The ride to Pittsburgh was the hardest day of my life. No water, no food, nothing. We didn't allow ourselves a rest break for fear that it would put our minds back on our hunger. It worked, sort of.
We followed I-376 into the city. All day, I had struggled with the unreasonable possibility that we would reach Pittsburgh, and it would be just how it was before, untouched by the Event or anything that followed. Maybe we'd be able to park our bikes, find a restaurant, and get a big cup of Coke. Maybe we'd just be able to find a pay phone and call Matt, and we'd hang out with him at a bar. I tried to put them out of my head, but I couldn't. Nothing else to distract me but the ceaseless, linear march of the road's divider paint. I could taste the food already.

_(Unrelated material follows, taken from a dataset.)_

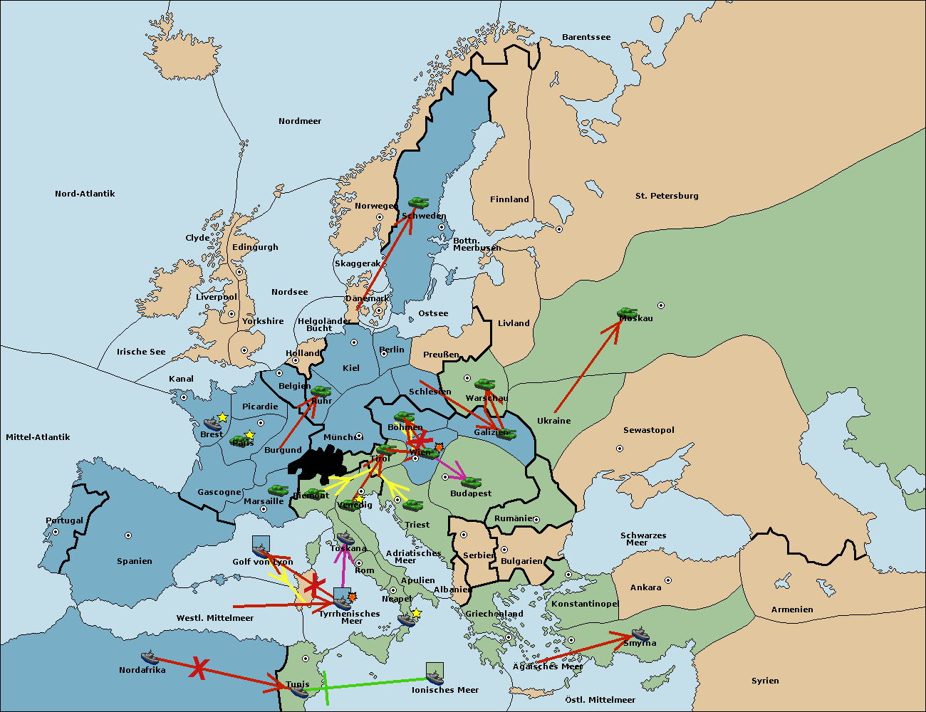 • Die Flotte in Nord Afrika move nach Tunis. (gescheitert)

The highway took us through the suburbs. It looked as if a massive fire had swept across them. There was no plant life; no trees. Only blackened shells of office buildings, churches, homes. Nobody greeted us. Nobody was there. I was terrified of leaving my bicycle or averting my eyes from the road. I didn't want to see any of it. It wasn't how it was supposed to be.
We rode until downtown Pittsburgh should have been in plain sight. It wasn't Pittsburgh. It was an enormous pile of ruined architecture, collapsed against itself. The road, once completely smooth, grew more and more gravelly, until it was finally unsuitable for riding. We faced our greatest fear, and stopped our bikes.
When you visit a city, you expect to be greeted. Maybe not by the people, but at least by signs. "Welcome to Pittsburgh", maybe, although we would have settled for anything. A sign for a Laundromat. A billboard advertising a law office. Nothing was here. A year earlier, hundreds of thousands of people pulsed through the city like a bloodstream. Now, there was only silence and a giant, ruined rubble.
That silence was certainly not broken by us. Neither of us said a word. The bridges across the rivers were gone. We turned our bikes.